Aware of the widespread sentiment for strike action, Marshall proceeded to issue a series of threats directed against workers considering striking.
“Ask yourself a question,” he declared. “Did you put money aside to be able to stay out? The last strike [in 1997] was 16 days… If we go on strike, you have to ask yourself how long you can afford to stay out there and what we’re going to accomplish out there.” This amounts to a declaration that the union will sabotage any strike and refuse to use the $160 million strike fund—paid for by workers’ dues.
Marshall then threatened that workers would lose health benefits for themselves and their families in the event of a strike. “You have to have one minute of time on the clock [each week] in order for UPS to make a [health care] contribution,” he said. “No one is going to be without health insurance unless this strike goes for a huge amount of time. The trouble is, you get into week number three and you have an emergency in your family, and you have to go back and pay all three weeks of COBRA [a supplemental insurance costing approximately $400/week].”
He declared that workers could vote in the electronic contract ballot “as many times as you want” and that only “the last vote counts.” The Teamsters is clearly counting on a protracted campaign to intimidate workers into accepting the contract up to the last minute. Marshall concluded by demanding that workers vote based on what is good for “you and your family.”
The WSWS UPS Workers Newsletter spoke to workers as they left the meeting.
Manny, a veteran driver, said that Teamsters officials told him he may be unable to vote because he is receiving workers’ compensation. “Now they are telling me I might not be able to vote,” he said. “Why am I any different if I got injured? I’ve been paying dues for years.”
“They’re trying to stop us from striking,” he said. “He [Marshall] is up there scaring people, telling them you need to have hours on the books for that week to qualify for insurance. That is part of making sure the strike doesn’t last longer than a week. That’s why he says you need to decide for you and your families, and not you need to decide for your brothers about what’s best for the contract.”
“Why not make them all full-time jobs, give everyone a raise and a full-time position and take away the 22.4s [hybrid roles]? I can’t believe he can get up there and talk like that in a union hall! We should be looking out for our brothers and sisters!”
Jonah, a young part-time worker who was in a group with Manny, added that older workers “who’ve been here for decades tell us how much better they used to have it, but we don’t know any better because we never had it to begin with.
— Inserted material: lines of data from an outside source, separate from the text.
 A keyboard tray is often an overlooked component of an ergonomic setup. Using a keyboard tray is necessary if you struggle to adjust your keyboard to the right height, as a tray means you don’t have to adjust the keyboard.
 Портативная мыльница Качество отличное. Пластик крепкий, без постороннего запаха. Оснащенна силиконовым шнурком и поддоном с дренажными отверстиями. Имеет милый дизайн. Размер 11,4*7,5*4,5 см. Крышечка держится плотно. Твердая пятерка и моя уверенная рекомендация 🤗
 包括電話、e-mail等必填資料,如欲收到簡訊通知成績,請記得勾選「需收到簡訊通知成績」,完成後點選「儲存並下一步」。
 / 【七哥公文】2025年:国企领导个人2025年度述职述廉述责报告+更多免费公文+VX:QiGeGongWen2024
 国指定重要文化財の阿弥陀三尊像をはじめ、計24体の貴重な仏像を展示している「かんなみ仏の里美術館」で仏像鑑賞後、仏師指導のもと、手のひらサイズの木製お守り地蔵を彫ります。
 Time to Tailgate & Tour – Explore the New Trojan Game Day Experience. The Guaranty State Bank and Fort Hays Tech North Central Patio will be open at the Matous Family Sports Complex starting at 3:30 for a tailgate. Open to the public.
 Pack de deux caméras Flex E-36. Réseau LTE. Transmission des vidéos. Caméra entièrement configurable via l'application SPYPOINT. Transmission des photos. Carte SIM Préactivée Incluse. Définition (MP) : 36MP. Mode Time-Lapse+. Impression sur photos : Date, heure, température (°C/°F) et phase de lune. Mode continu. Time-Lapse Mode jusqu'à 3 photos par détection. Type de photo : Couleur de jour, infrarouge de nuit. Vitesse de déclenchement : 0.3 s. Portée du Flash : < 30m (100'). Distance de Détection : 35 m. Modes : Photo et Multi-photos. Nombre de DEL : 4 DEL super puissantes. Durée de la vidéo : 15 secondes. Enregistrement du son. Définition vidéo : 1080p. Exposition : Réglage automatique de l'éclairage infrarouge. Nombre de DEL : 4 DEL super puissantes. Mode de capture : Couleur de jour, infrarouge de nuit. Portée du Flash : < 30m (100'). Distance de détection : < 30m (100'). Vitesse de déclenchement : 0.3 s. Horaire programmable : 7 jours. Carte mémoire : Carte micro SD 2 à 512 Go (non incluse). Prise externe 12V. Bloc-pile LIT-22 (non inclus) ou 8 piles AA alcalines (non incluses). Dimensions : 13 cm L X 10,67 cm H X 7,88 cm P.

Management takes away benefits slowly, over generations.”
“You need to look at it long term, because they are simply going to take away a little and little each time,” he said. “It’s just like anything else such as your rights. They take away your rights, and that’s what your kids will have to deal with. They never will know what they lost, because they never had it to begin with.”
“The whole world is watching us,” Manny responded. “UPS sets the bar for other industries and what they can get away with.”
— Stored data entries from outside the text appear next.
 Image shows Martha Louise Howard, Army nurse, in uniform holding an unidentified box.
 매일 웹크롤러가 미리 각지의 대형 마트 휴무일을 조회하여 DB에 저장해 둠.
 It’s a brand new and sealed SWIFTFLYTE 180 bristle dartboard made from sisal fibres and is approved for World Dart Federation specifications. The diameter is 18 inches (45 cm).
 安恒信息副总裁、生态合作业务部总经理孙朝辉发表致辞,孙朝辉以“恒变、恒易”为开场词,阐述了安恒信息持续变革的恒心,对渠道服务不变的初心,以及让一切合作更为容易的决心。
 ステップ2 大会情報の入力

Jonah agreed: “UPS is the largest contract for Teamsters so whatever we agree on they’ll use that against other members in other industries, even places like McDonalds. As soon as we submit to something like that, that isn’t a fair contract, then everyone else is going to follow suit… This is a real big fight right here, and we need to lead by example.”
It is impossible for UPS workers to conduct a fight so long as leadership of the struggle remains in the hands of the pro-corporate organization of scabs known as the Teamsters. The WSWS UPS Workers Newsletter urges UPS workers to elect rank-and-file committees in the warehouses and hubs to take the struggle into their own hands. These committees should link up with UPS workers in other hubs, prepare demands as the basis for a nationwide strike, and link up with other logistics workers—Amazon, USPS, and FedEx, to organize a united fight.